Kimberly glanced nervously at her sister’s back by the open window. “Well, I don’t know. We’re really not supposed to let anyone in here—not soldiers, certainly.”
“He isn’t a soldier; he’s an ambulance driver and a very good one.”
“One of Mr. Andrew’s? An American?”
“One of his best—an impeccable record.” Anne thought it unnecessary to mention Michael’s Irish roots.
“Well, if you’re here with him, and if it’s only for a moment, I suppose . . .”
“That’s wonderful! I’ll call him and we’ll return right away!”
Karen bristled when Anne Vanderbilt appeared at the side door and openly fumed when she came back and boldly walked in with an ambulance driver in tow.
“See, just here, Michael. Kimberly said that these are all the nurses—well, nearly all, I suppose—who have come through the canteen on their way to . . .” She turned to Kimberly and Karen. “On their way to where? Verdun? Did they all go to Verdun?”
“Not all,” Karen answered, taking a step toward Michael.
Anne ignored her cold stare and gracefully, quickly, stepped between Michael and the sisters. “Is she here, Michael? Do you think any of these nurses look like her?” She pushed him closer to the photographs.
But he needed no urging. He squinted into the grainy black-and-white images, searching each one for any likeness of Annie. He shook his head. “I can’t tell. I’ve never seen Annie in uniform. I don’t know if I’m looking at her and not seeing her.”
He sounded so miserable that Anne slapped his arm. “Give me your photograph.”

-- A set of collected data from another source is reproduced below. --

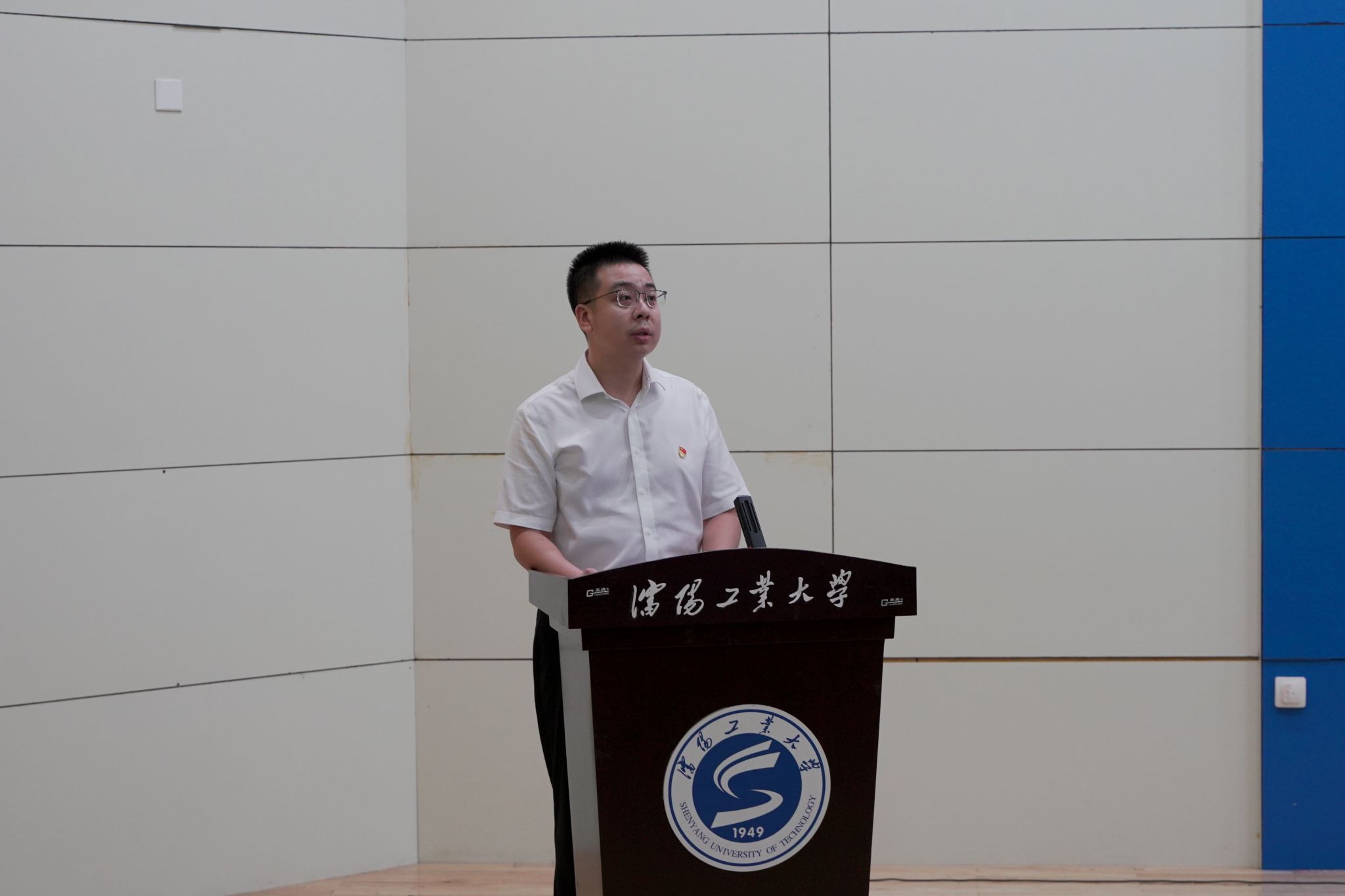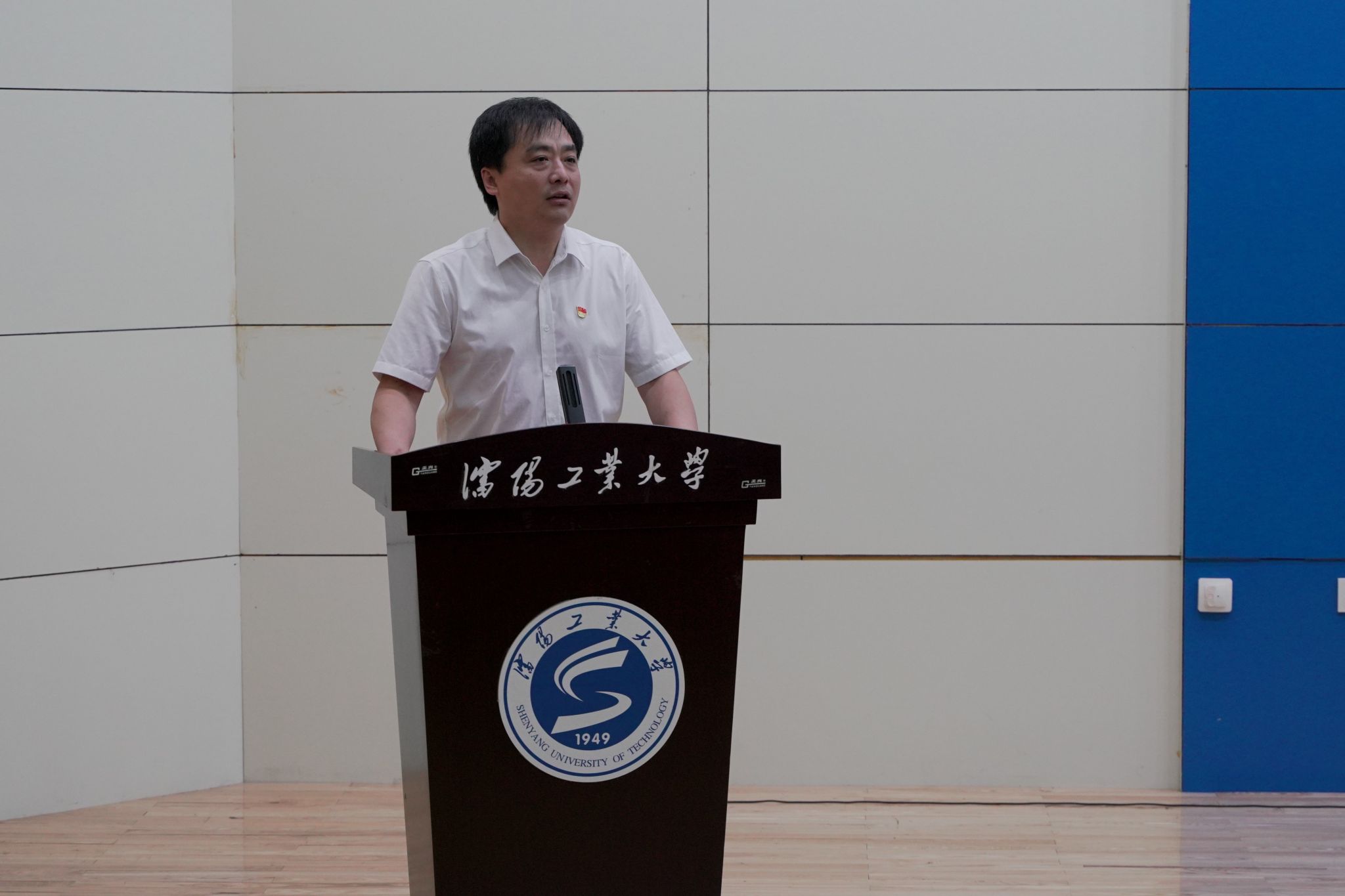 学院党委书记兼副院长吕庆涛讲话,吕书记分别从打牢专业基础、潜心科学学术、注重交叉融合三方面给大家提出来中肯的建议和殷切嘱托,希望全体研究生新生肩负家国梦想,以工大机械人特有的精、气、神认真开启人生下一步旅程。
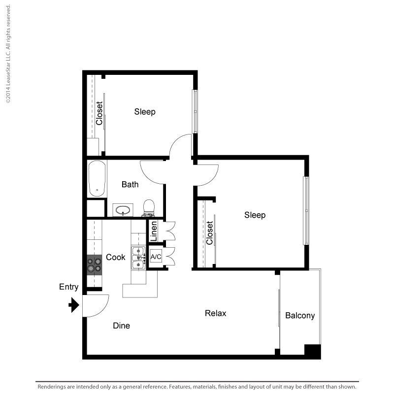 Apartment Model: Small 1 Bed 1 BathFrom $2,3001 Bedroom, 1 Bath, 650 sq ftAvailable NowFloor plans are artist's rendering. All dimensions are approximate. Actual product and specifications may vary in dimension or detail. Not all features are available in every rental home. Prices and availability are subject to change. Base rent is based on monthly frequency. Additional fees may apply, such as but not limited to package delivery, trash, water, amenities, etc. Deposits vary. Please see a representative for details.
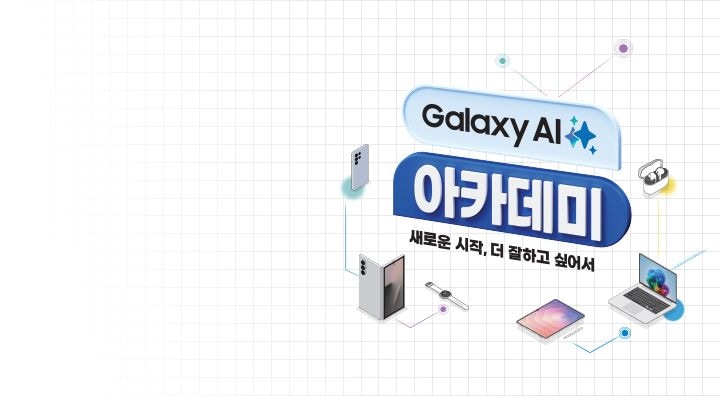 ‘Galaxy AI 아카데미 - 새로운 시작, 더 잘하고 싶어서’ 문구와 함께 스마트폰, 노트북, 태블릿 등 갤럭시 제품 이미지가 연결된 그래픽 이미지
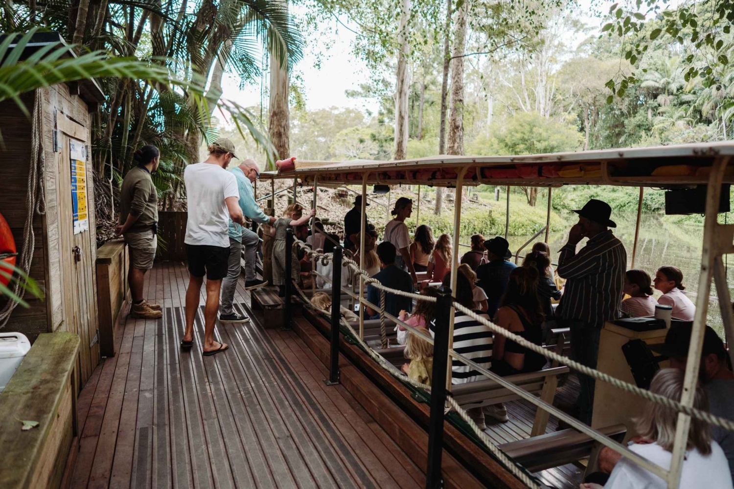 Saavu maatilalle ja kirjaudu sisään ennen toimintaa. Hyppää traktorijunan kyytiin ja aloita opastettu kierros hedelmätarhoilla ja näe kaikki herkulliset hedelmät, jotka siellä kasvavat. Maista myös eksoottisia hedelmiä. Tämän jälkeen voit suunnata eläinpuistoon katsomaan kenguruita, hevosia ja aaseja. Nouse seuraavaksi veneeseen ja risteile maatilan pusikkolaakson läpi. Purjehdi Cudgen Creekiä pitkin ja opi lisää vesireitin varrella olevista kasveista, kuten alkuperäisestä inkivääristä, joka auttaa estämään eroosiota. Varo koaloja, kilpikonnia ja ankkoja matkan varrella. Nouse veneestä, kun olet valmis.Includes

“What?” He pulled back, gripped Annie’s photograph, and looked as though nothing in all the world could make him turn it loose.
“Give me your photograph, or show it to these young ladies. They may remember her.”
Michael laid Annie’s picture on the counter before them. “She’s pretty and young and kindness itself. Her name is Annie Allen.”
Kimberly shook her head slowly, then stopped and studied the photograph again. It was the image of a girl—perhaps sixteen or seventeen—with an older girl and, presumably, their mother and father. “I don’t remember anyone by that name. Why are you looking for her?”
“She is family,” Michael said. “I’ve bound myself to find her.”
Kimberly frowned but hesitated. “There was a girl who looked something like this, but . . .”
“Is her photograph here?” Michael held his breath.
Kimberly searched the wall and pointed to a group of VADs. “We snapped this one in February.” She pointed to the girl who had called herself “. . . Elisabeth something or other.”
“Elisabeth Anne Allen!” Michael nearly shouted. “That is her name!”
“No,” Karen answered, barely looking at the photograph. “There was no one here by that name. We ask all their names. We would remember.”
“But neither of you could have been on duty every minute of every day!” Anne protested.
“We are the only ones with a camera.”
Michael’s face fell.
“She rather looks like her, don’t you think, Karen? What was her surname?”
“I don’t remember, and neither do you.”
Kimberly glanced at her sister.
“Did this lot go to Verdun?” Michael asked as calmly as he could.
“We don’t know where they were sent,” Karen insisted.
Neither Anne nor Michael missed the almost-imperceptible nod that Kimberly gave.
That night Kimberly turned her back on her sister, not caring that she snubbed her only confidante in France. “You should have told them.”
“It wasn’t the right name; you know that.”
“No, but they—”
“He said she was family,” Karen interrupted, “and Elisabeth said she has no family—no one at all; don’t you remember? She said her name is Hargrave.”